Last night, as my son went to bed, he walked over to me with arms wide open for a hug. We embraced. He said, “I love you.” I said the same. And he went into his room.  

A few minutes before, we were in the living room. He was watching tv; I was on my laptop. We were father and son, a few feet from each other. But when we embraced and exchanged words of love, something happened. I didn’t become more of a father, and he didn’t become more of a son. I didn’t have less love for him before that embrace. Nor did he. But our love for one another was reaffirmed and felt in a more visceral way. 

Parental love is one of our most instinctual affections. Every parent feels it. As Jesus bluntly said, even evil fathers know how to give good gifts to their children (Luke 11:13). And a rebellious child all the more solidifies a parent’s love. That’s how strong it is.  

So how great and pure a love must God have for us, “sons of disobedience” (Eph 2:2), that He would save us from those same sins committed against Him! And in saving us, He not only justifies us, but He adopts us into His family. We become God’s very own children. 

God didn’t make us His children from afar. He did it personally, sacrificially. As Gal 3:4 says, He did it by sending forth His Son to take on human flesh, to fulfill the Law, and then to die on the cross for our sins. Christ’s life and death are the means by which we were adopted. That’s how great a love the Father has for us. 

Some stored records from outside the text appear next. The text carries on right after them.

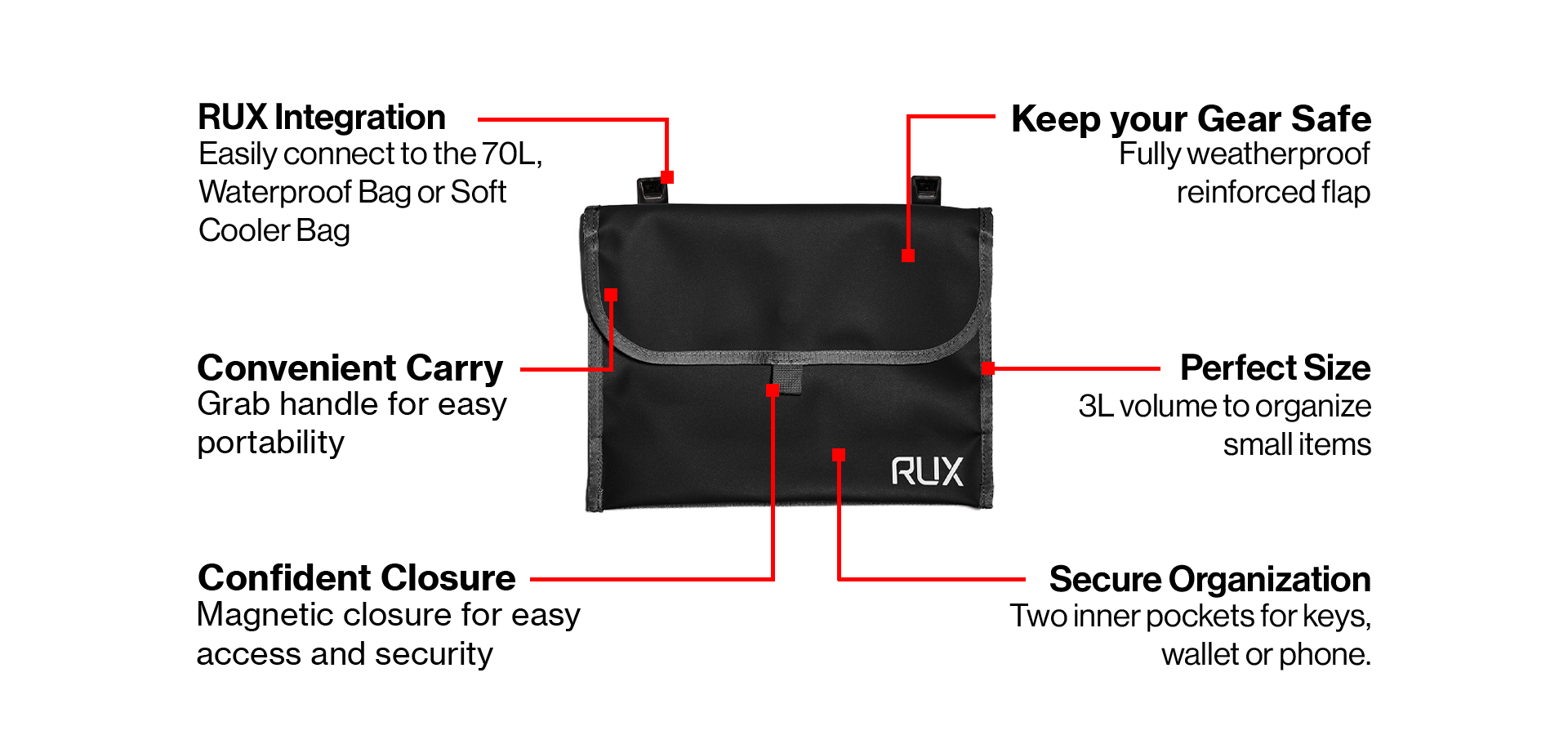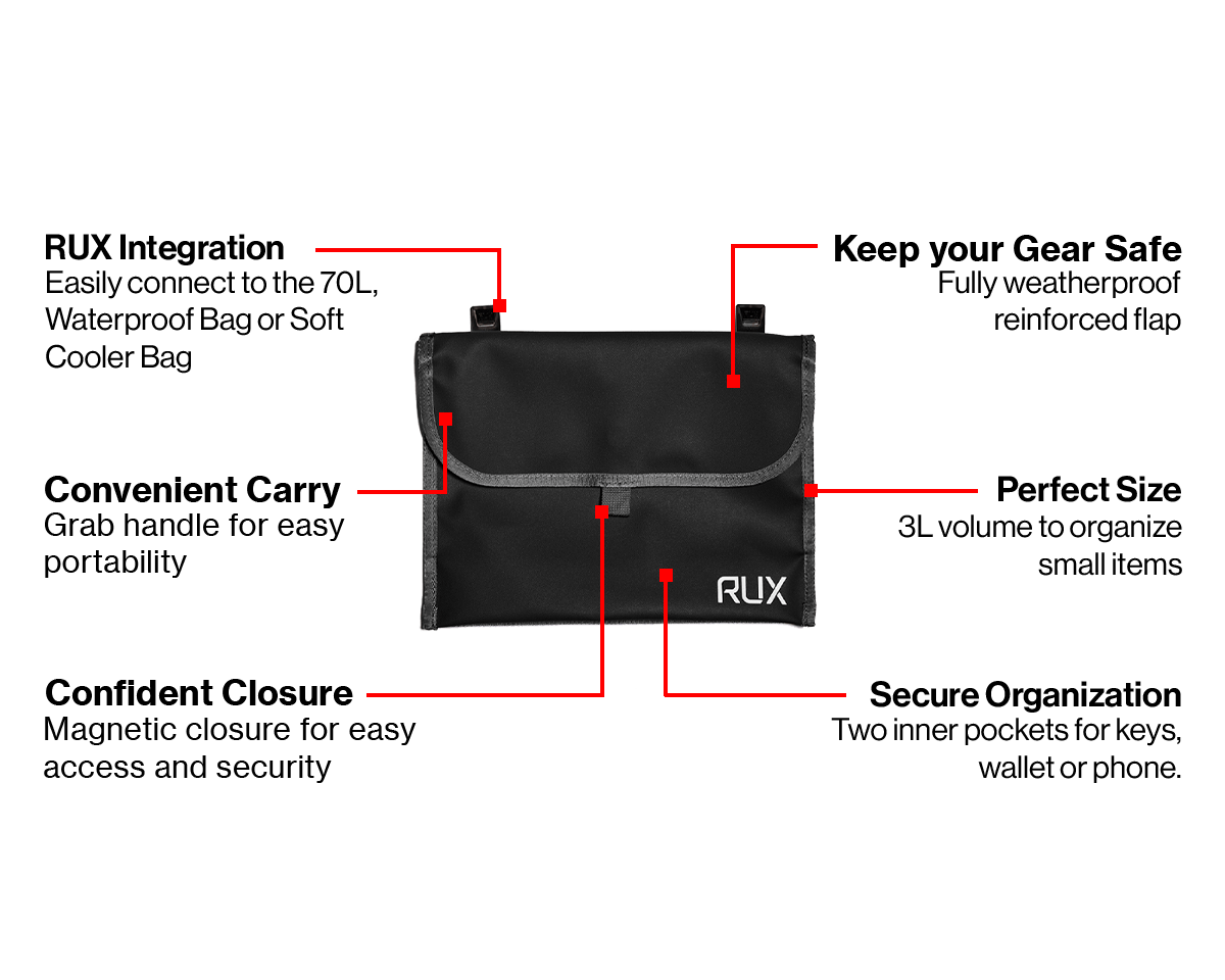 Part of the RUX gear management system, the rugged, weatherproof 3-litre RUX pocket is designed for valuables that need a convenient, secure and safe place to be stored and transported.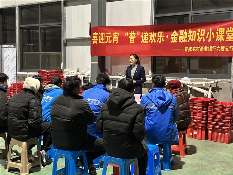 在元宵佳节前,普陀农商银行六横支行员工来到鑫通物流公司开展“喜迎元宵,‘普’递欢乐”金融知识宣讲活动,向“最熟悉的陌生人”送上节日祝福。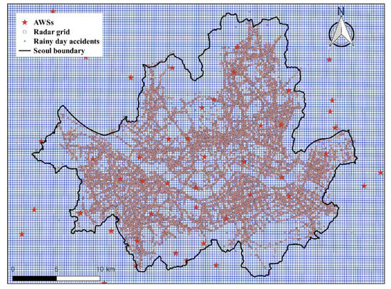 Locations of selected traffic accidents on rainy days, April to October 2008–2017; automatic weather stations (AWSs); and weather radar grid in Seoul.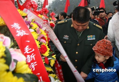 12月26日是毛澤東誕辰115周年紀(jì)念日。當(dāng)天,毛澤東的孫子毛新宇帶著兒子毛東東在韶山出席了相關(guān)紀(jì)念活動,并給毛澤東銅像敬獻(xiàn)花籃。中新社發(fā) 鄧霞 攝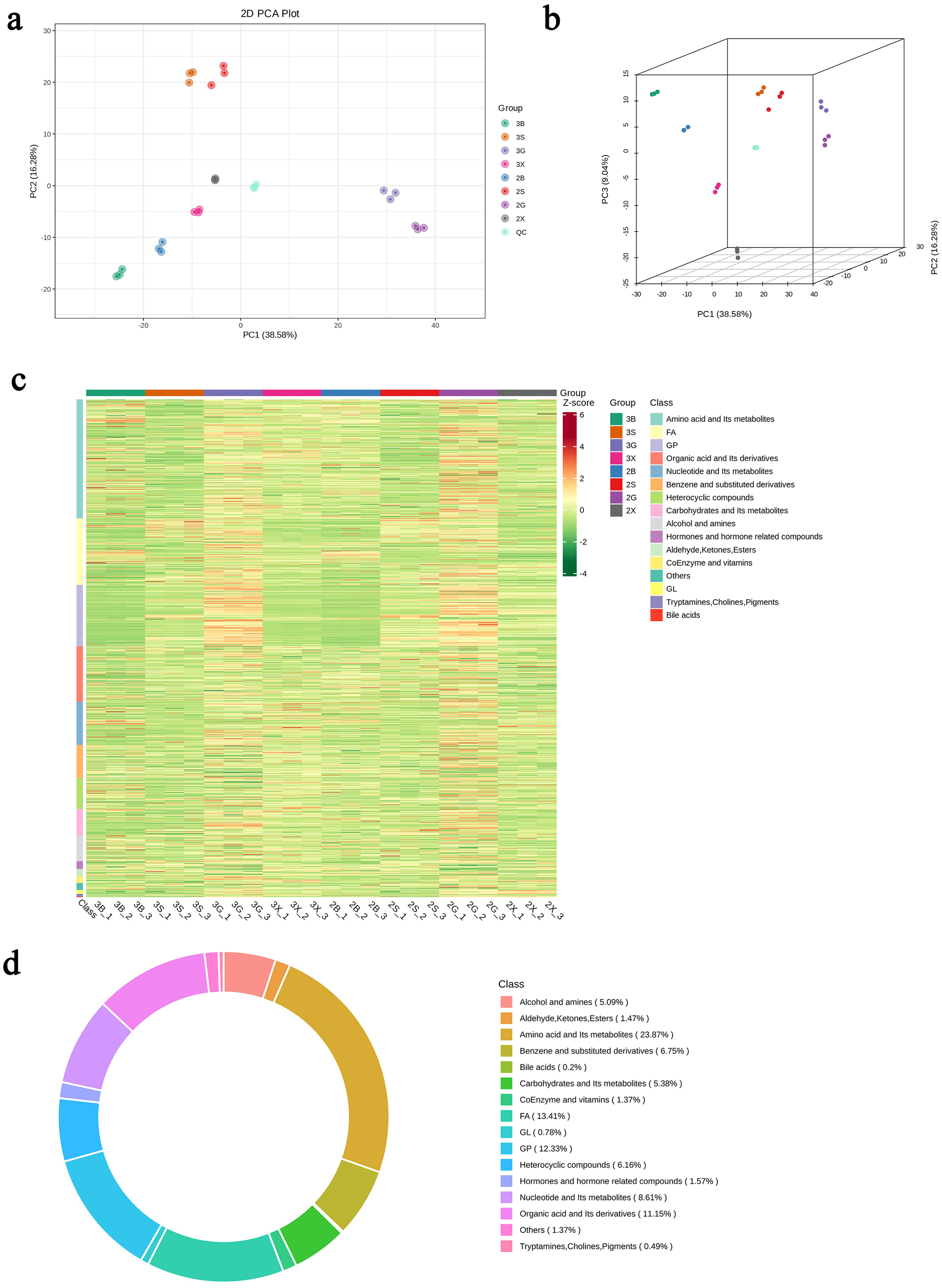 Identification of metabolites in triploid and diploid C. angulata.(A) Principal Component Analysis (PCA) plot in 2D showing clear metabolomic differentiation; (B) PCA plot in 3D showing separation of metabolites; (C) Heatmap visualization of all metabolite classes; (D) Circular graph representing the proportions of different metabolite classes.

But it doesn’t end there. He then sends forth into our hearts the Spirit of His Son, who continually cries out, “Abba! Father! (Gal 3:6). The Spirit continually reassures our hearts that we are children of God, infinitely loved and accepted in Christ. He enables us to taste and see the glories of what Christ achieved for us on the cross, our sonship.  

So, how do we get to place of feeling loved by our Father, of knowing the glories of our adoption in Christ – not just intellectually but experientially? We get there by believing what the Spirit is always already crying out in our hearts: God is our Father by the death of His Son. There is no greater love than that, and when I believe that, I will experience the Father embracing me in love, reassuring me that nothing will ever separate me from His love.